IBH Seminar: Barley Microbes – Their responses to perturbations & environmental gradients

When: Thu, 18 Apr 2024 14:00 – 15:30 BST

The International Barley Hub is pleased to announce the next in the 2024 series of seminars: ‘Barley Microbes: Their responses to perturbations & environmental gradients’ presented by Tancredi Caruso from University College Dublin.

Speakers bio:

Tancredi Caruso

Tancredi Caruso is Associate Professor of Ecology at University College Dublin. His research focuses on the processes that structure soil biodiversity in space and time and he has mostly worked on aboveground-belowground linkages, especially plants and soil biota, and the ecological networks they form, and how the networks respond to environmental change and perturbations.

Summary:

This talk presents the first results of the study of the rhizosphere microbiota of 10 genotypes of barley representative of various breeding histories (landraces, heritage cultivars, elite cultivars) with an emphasis on the network of associations formed by barley and microbes. The motivation for this study stems from the fact that rhizosphere microbiota is nowadays recognised to be central to agrobiology.

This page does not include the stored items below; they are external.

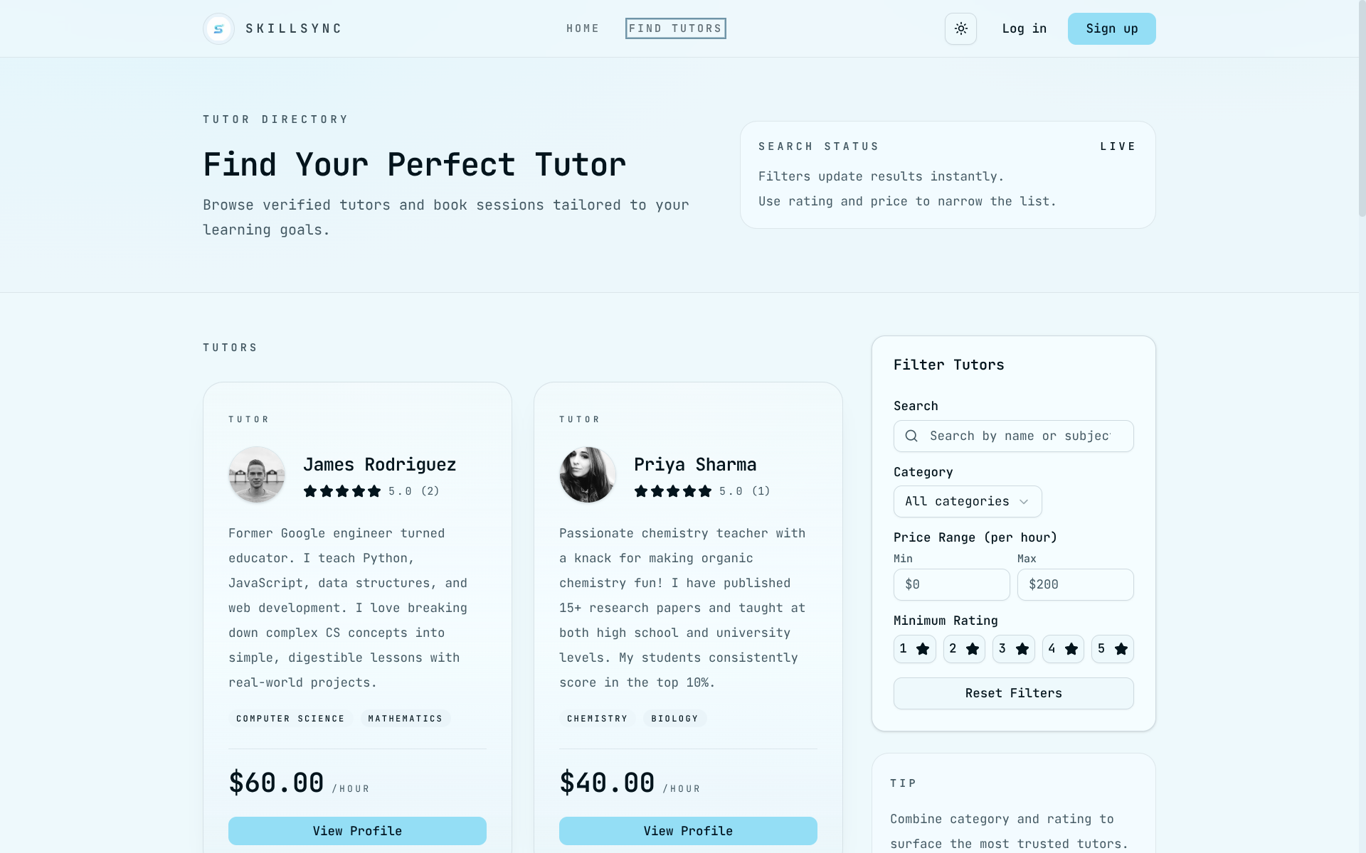 Category-based filtering, subject search, and tutor profile cards with ratings and session counts. Students can find the right tutor in seconds.
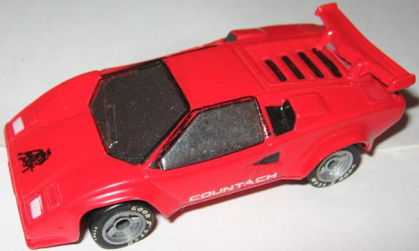 red, no license plate, white COUNTACH, detail trim, license BRAVO tampo |
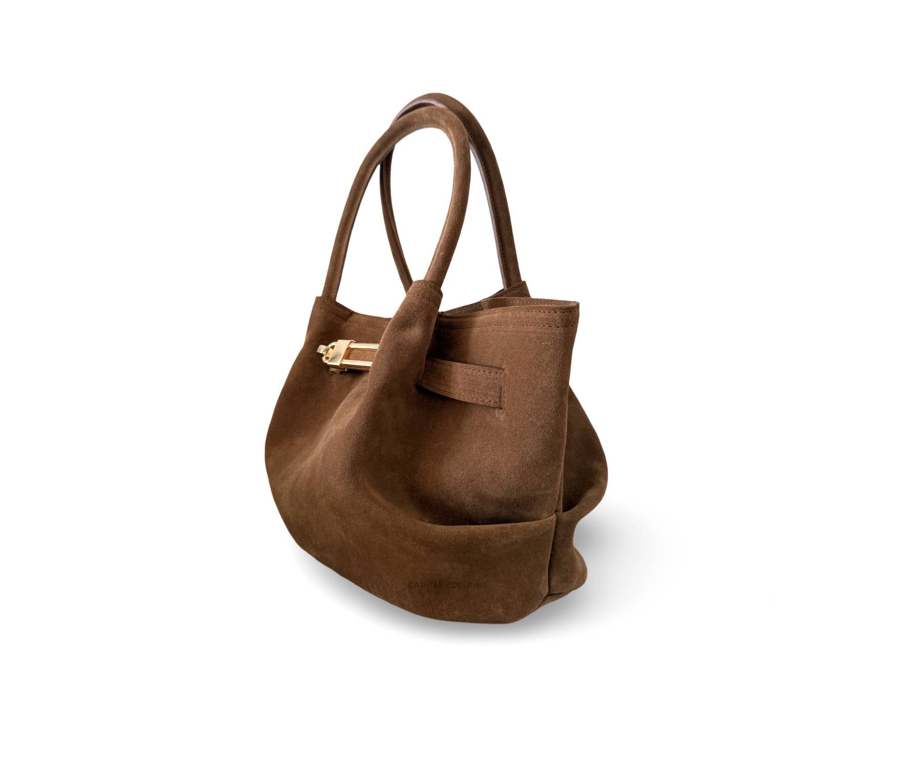 Geanta tote Odyssey, cu silueta sa modernă, dar atemporală, și finisajul subtil de lux, o transformă în geanta perfectă pentru zi. Această geantă tote are un interior spațios, perfect pentru a transporta toate lucrurile esențiale de zi cu zi. Include un buzunar intern pentru a te ajuta să rămâi organizat, păstrând ușor accesibile obiectele mai mici, cum ar fi telefonul, cheile și portofelul. poate fi închisă în siguranță cu un magnet intern central. Mânerele tubulare confortabile stau frumos în curbura cotului sau pot fi ținute în mână. Baza este construită cu pliuri triunghiulare pe fiecare parte și îmbogățită cu picioare metalice. Această geantă are dimensiunea perfectă pentru a transporta toate lucrurile esențiale. Ridicați-vă stilul de zi cu zi cu această geantă rafinată din piele întoarsă, perfectă pentru orice ocazie, de la zilele lucrătoare la weekenduri. Designul său elegant și senzația luxoasă o fac un accesoriu esențial pentru cei care apreciază atât moda, cât și funcționalitatea.
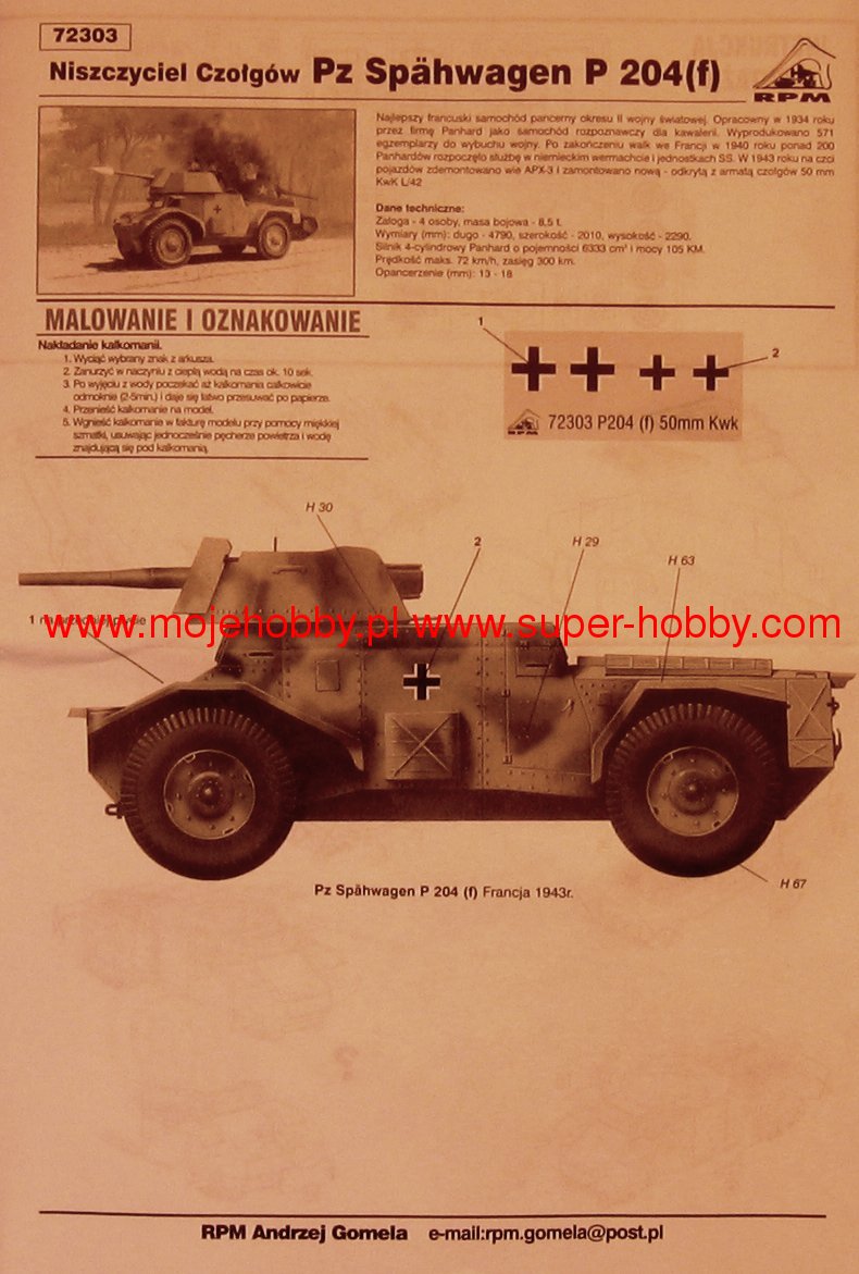 Pz.204 (f)[pełna nazwa: Panzerspähwagen P.204 (f)] is a German armored car, French production from the Second World War. The cart was 4.79 meters long and 2.01 meters wide. The drive was provided by a single engine Panhard I SK with a power of 105 HP, allowing to reach a top speed on the road of 72 km / h. Standard main armament consisted of a 25mm cannon and a single machine gun. Pz.204 (f) is, in fact, another name for the very successful French Panhard 178 armored car, which began to be used by the French armed forces in 1934. Vehicles of this type were used during the campaign in Western Europe in 1940, and their quality was very quickly appreciated by the German army, which quickly introduced the captured items into service in their own line. After the surrender of France in June 1940, the production of these cars[już pod oznaczeniem Pz.204 (f)] was continued for the needs of the German army and lasted until 1944! It is worth adding that the Germans created two interesting modifications of this car. The first is a rail reconnaissance vehicle (Ger. Schienenpanzer ), thus modifying 43 vehicles after 1941. On the other hand, in 1944, the Germans rebuilt about 30 cars of this type by placing a 50 mm cannon (in a stationary casemate) in them.

We hypothesised that barley genotypes differ in how they recruit and interact with microbes in the rhizosphere and that those differences are related to how barley responds and recovers from perturbations such as flooding or heat stress. Our first data suggest a core-periphery structure in which the main hub consists of a core microbiome shared by all genotypes but where the periphery is critical to how each genotype responds to perturbation (flooding for the data presented in the talk). I will highlight what is next in our project to broadly discuss the state-of-the-art and possible ways forward for a more comprehensive understanding of agroecosystem biodiversity in barley and more generally crops, including their microbial components.